ETL…WTH is that! We all love acronyms, right? Especially when they mean absolutely nothing to us. With that in mind let’s roll this out a little. Data management can be seriously complex, requiring some really smart people to first find the data and make it available (Extract), then make it useable in a format that makes sense to the end stakeholder (Transform) and lastly to make it accessible in an interface/location that the business needs (Load).
This can be difficult to accomplish if you either don’t know what you are doing or don’t have the required technical team to make it happen. That’s where an ETL comes in. These systems are preconfigured to connect to many data tools (databases, data warehouses, data lakes) to Extract, then Transform, and Load the data to an endpoint such as a Business Intelligence tool (Power BI, Looker, Tableau, etc, etc).
This reduces the need for in-depth technical knowledge or expensive development efforts.
If you have not come across ETLs before here is a short list of the premium and Opensource ones you could look at.
ETLs allow you access to various data sets using APIs (Application Programming Interface).
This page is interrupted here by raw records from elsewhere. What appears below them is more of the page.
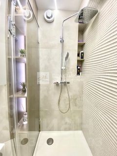 ВАННАЯ КОМНАТА: установлена система "Умный дом", фиксирующая показания счетчиков воды для передачи в соответствующие организации, контроль протечек и автоматическое отключение воды в случае их обнаружения, фильтры грубой очистки воды, индивидуальный водонагреватель на период сезонного отключения горячей воды. Испанская плитка и раковина Porcelanosa. Инсталляция - Geberit, унитаз - Laufen. Есть гигиенический душ.
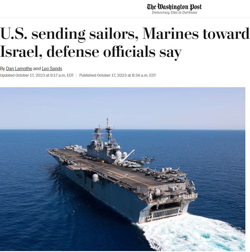 Напомним, в начале обострения на Ближнем Востоке Пентагон приказал ударной группе авианосца Gerald R. Ford отправиться в восточное Средиземноморье, чтобы продемонстрировать поддержку Израилю.
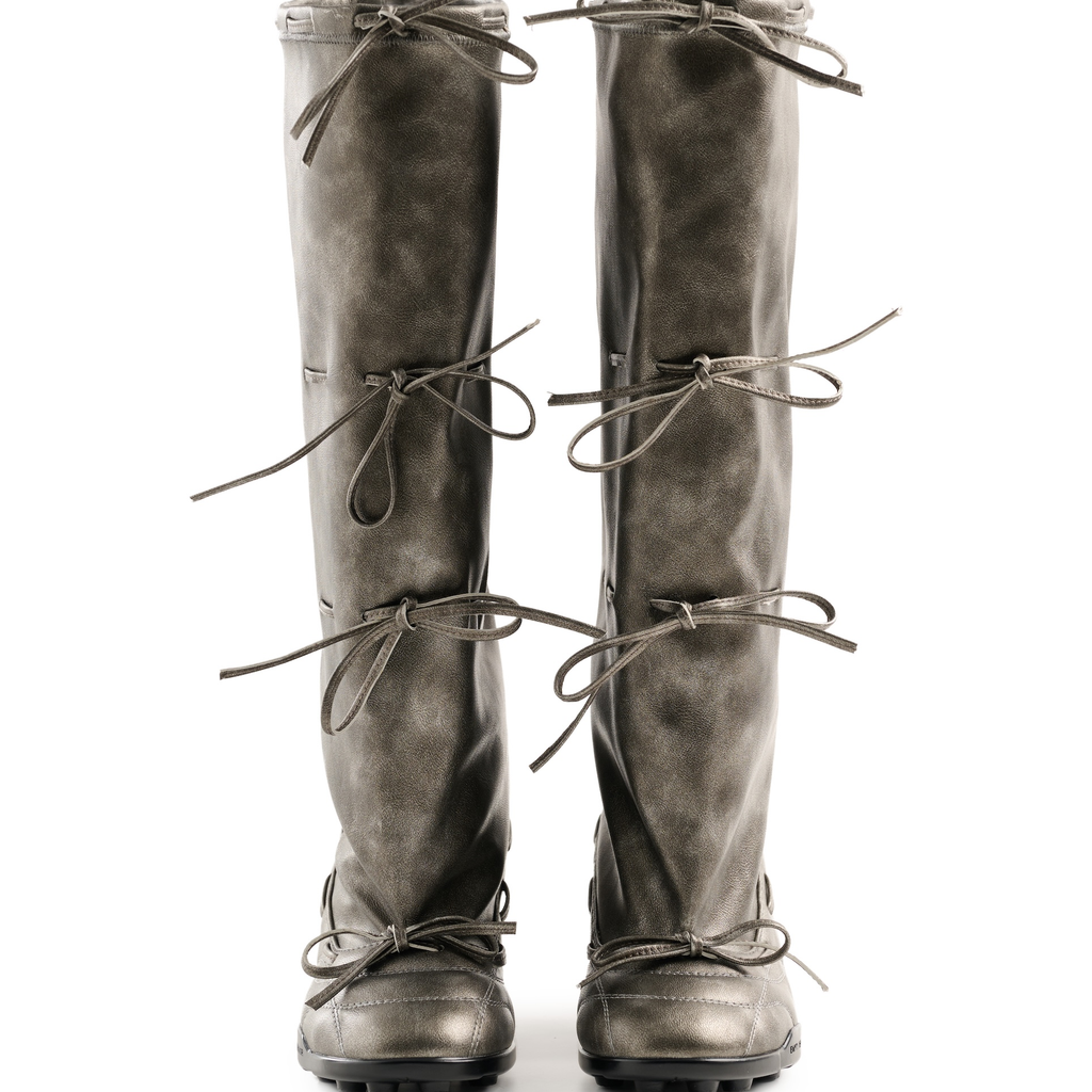 Strapped Ballet Boots Silver and Black by EMPTY BEHAVIOR
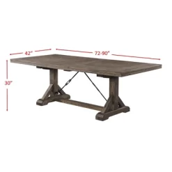 The Picket House Furnishings Flynn Dining Table is dressed in a distressed dark walnut finish, making it the perfect addition to any dining room. This handsome trestle style table features a removable leaf for added space. Turnbuckle metal accents complete the look of this rustic chic table. Add this farmhouse chic dining table to your home today for a look you’ll love to come home to day after day!
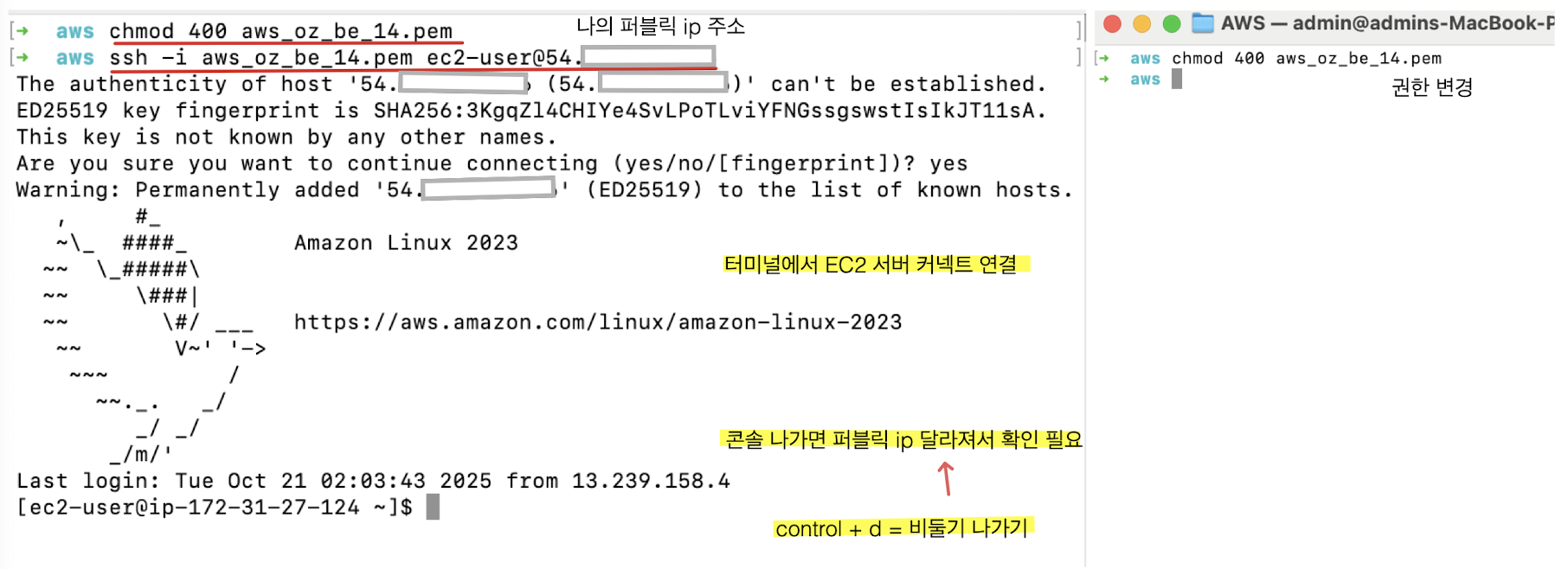 aws_oz_be_14.pem : 키패스인가 그거 임(인스턴스 생성시에 만든 것)

Most modern systems have an accessible API that one can access.
Premium ETLs: (Usually cloud hosted and at a price point)
- DataDDo
- DataSlayer
- Power My Analytics
- Stitch Data
- Hevo
- Coupler.io
Opensource Self Hosted ETLs (No cost if you can set them up in your own server environment)
- Mage.ai
- Airbyte
- Apache Airflow
- Singer
Each has their pros and cons but the two you need to really worry about are cost and internal resources. The premium ETLs will have a monthly/yearly subscription you will need to pay. The open source will cost you on your internal resources such as server space and usage as well as potentially requiring a technical person to support that setup. If you are new to this, the best option is starting with a premium subscription before you actually know what data combinations are valuable to you.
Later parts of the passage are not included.